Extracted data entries

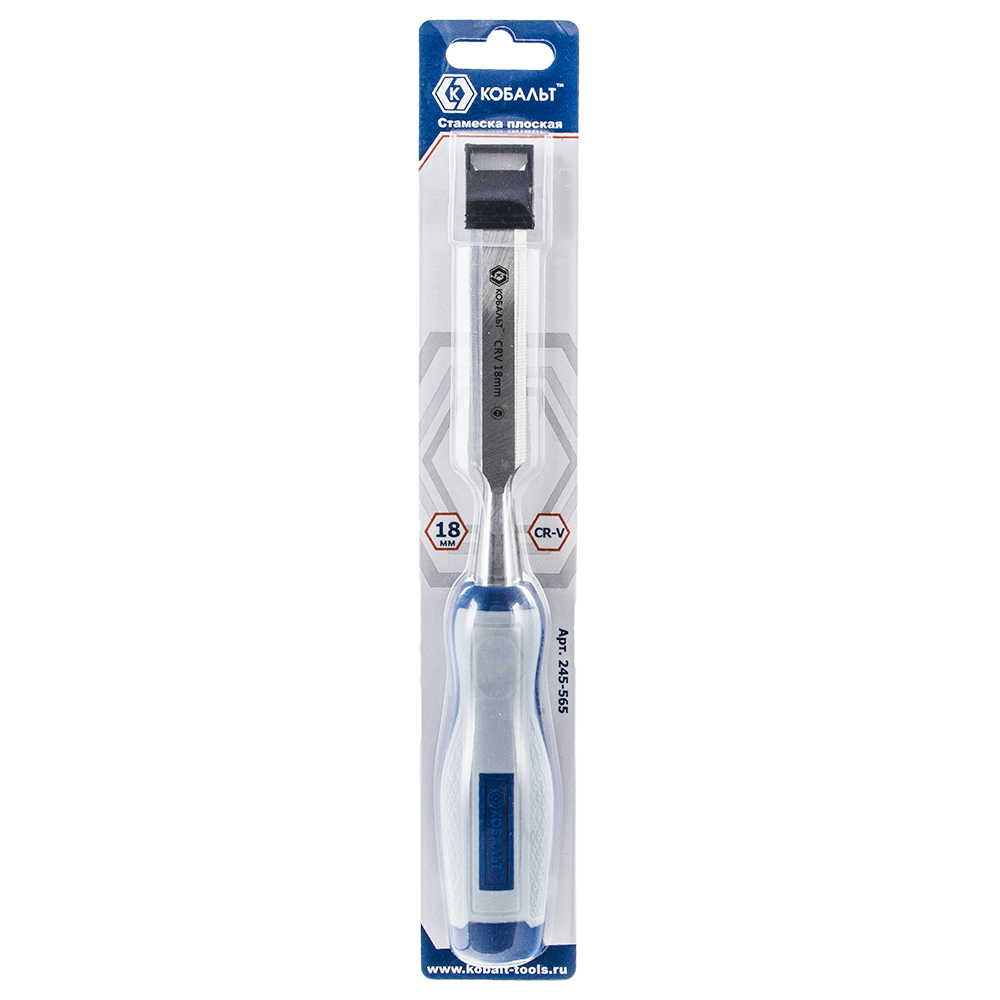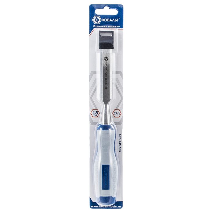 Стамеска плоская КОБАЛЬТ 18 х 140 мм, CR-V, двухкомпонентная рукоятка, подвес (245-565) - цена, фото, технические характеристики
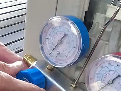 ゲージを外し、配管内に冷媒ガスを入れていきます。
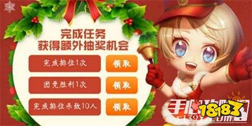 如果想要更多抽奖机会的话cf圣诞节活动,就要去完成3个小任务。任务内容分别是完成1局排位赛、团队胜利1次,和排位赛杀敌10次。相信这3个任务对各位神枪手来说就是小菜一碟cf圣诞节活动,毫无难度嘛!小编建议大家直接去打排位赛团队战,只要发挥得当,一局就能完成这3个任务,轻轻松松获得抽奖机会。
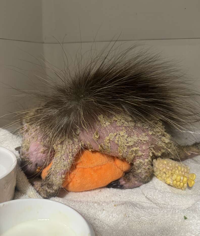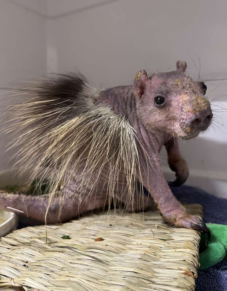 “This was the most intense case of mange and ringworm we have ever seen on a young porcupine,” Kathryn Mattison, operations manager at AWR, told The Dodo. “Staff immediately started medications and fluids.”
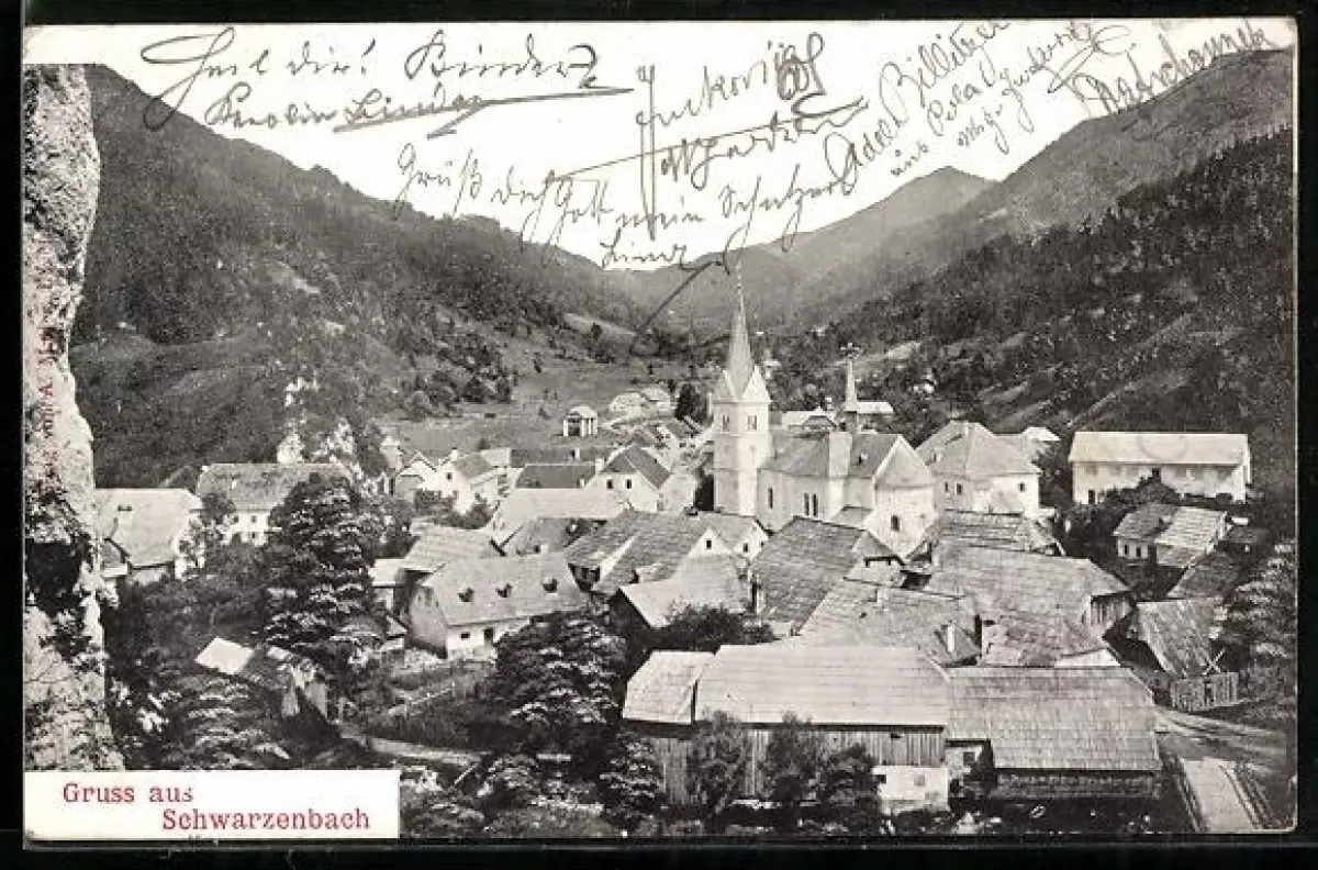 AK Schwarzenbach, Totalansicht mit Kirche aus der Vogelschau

* * *

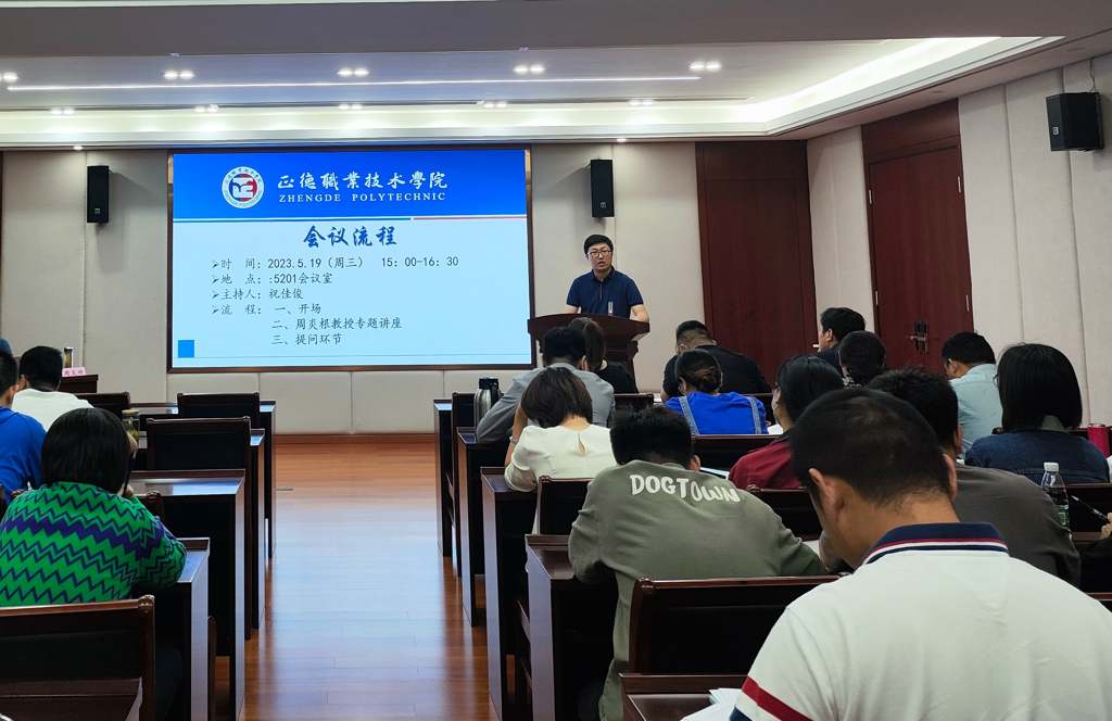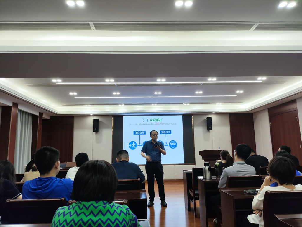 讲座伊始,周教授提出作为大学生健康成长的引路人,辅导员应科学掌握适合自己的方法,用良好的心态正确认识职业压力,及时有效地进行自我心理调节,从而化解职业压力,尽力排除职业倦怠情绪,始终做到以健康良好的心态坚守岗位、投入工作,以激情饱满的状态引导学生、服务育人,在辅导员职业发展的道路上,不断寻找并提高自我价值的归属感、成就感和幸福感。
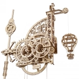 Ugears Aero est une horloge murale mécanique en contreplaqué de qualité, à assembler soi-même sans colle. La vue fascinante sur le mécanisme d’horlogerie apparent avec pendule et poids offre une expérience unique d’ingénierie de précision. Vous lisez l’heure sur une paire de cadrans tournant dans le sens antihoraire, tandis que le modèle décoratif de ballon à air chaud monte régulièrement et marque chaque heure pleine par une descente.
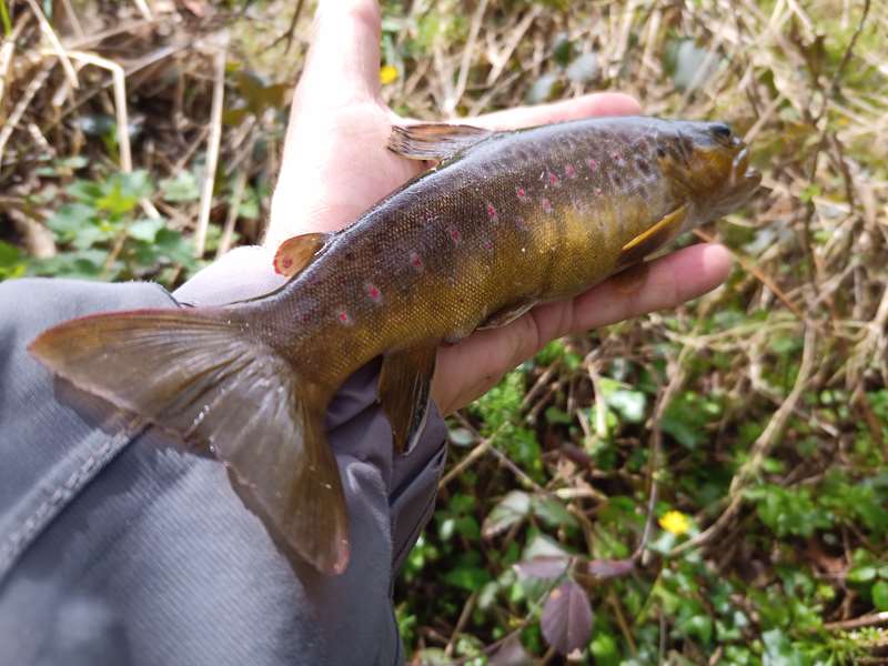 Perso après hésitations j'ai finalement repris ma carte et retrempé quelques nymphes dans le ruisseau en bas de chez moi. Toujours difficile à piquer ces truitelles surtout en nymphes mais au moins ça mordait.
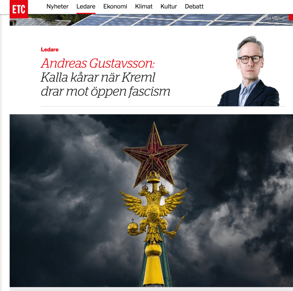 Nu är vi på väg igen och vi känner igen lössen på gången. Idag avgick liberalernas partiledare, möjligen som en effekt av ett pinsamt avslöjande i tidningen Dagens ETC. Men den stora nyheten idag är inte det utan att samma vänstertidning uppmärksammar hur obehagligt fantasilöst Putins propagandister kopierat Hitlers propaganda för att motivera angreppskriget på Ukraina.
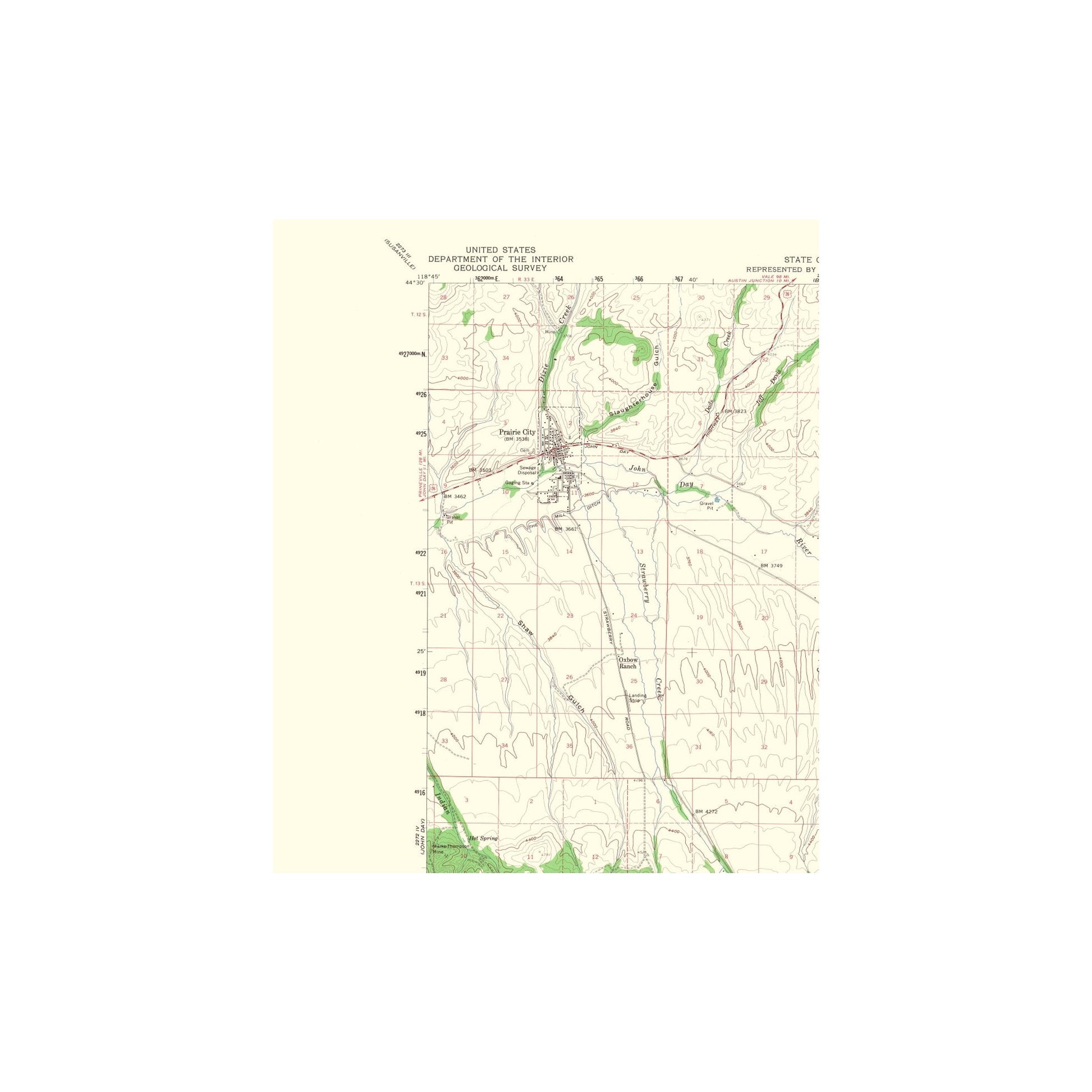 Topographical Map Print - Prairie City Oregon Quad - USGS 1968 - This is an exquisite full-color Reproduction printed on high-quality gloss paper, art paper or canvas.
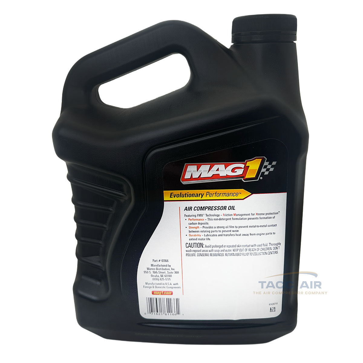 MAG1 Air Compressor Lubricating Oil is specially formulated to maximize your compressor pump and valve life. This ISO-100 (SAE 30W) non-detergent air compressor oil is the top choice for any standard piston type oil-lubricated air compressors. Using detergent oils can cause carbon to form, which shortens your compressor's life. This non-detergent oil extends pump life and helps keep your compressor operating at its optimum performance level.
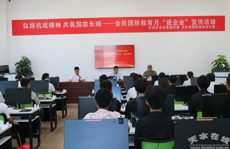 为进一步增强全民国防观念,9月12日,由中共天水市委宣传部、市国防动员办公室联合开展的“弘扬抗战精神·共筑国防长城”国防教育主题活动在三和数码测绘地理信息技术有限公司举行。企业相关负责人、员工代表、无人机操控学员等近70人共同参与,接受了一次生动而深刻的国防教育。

Try it
From the line with "Стамеска плоская КОБАЛЬТ" up to and including the line with "AK Schwarzenbach, Totalansicht" above, retype every line exactly and nothing more; leave out the pictures.

Solution for this task
 Стамеска плоская КОБАЛЬТ 18 х 140 мм, CR-V, двухкомпонентная рукоятка, подвес (245-565) - цена, фото, технические характеристики
 ゲージを外し、配管内に冷媒ガスを入れていきます。
 如果想要更多抽奖机会的话cf圣诞节活动,就要去完成3个小任务。任务内容分别是完成1局排位赛、团队胜利1次,和排位赛杀敌10次。相信这3个任务对各位神枪手来说就是小菜一碟cf圣诞节活动,毫无难度嘛!小编建议大家直接去打排位赛团队战,只要发挥得当,一局就能完成这3个任务,轻轻松松获得抽奖机会。
 “This was the most intense case of mange and ringworm we have ever seen on a young porcupine,” Kathryn Mattison, operations manager at AWR, told The Dodo. “Staff immediately started medications and fluids.”
 AK Schwarzenbach, Totalansicht mit Kirche aus der Vogelschau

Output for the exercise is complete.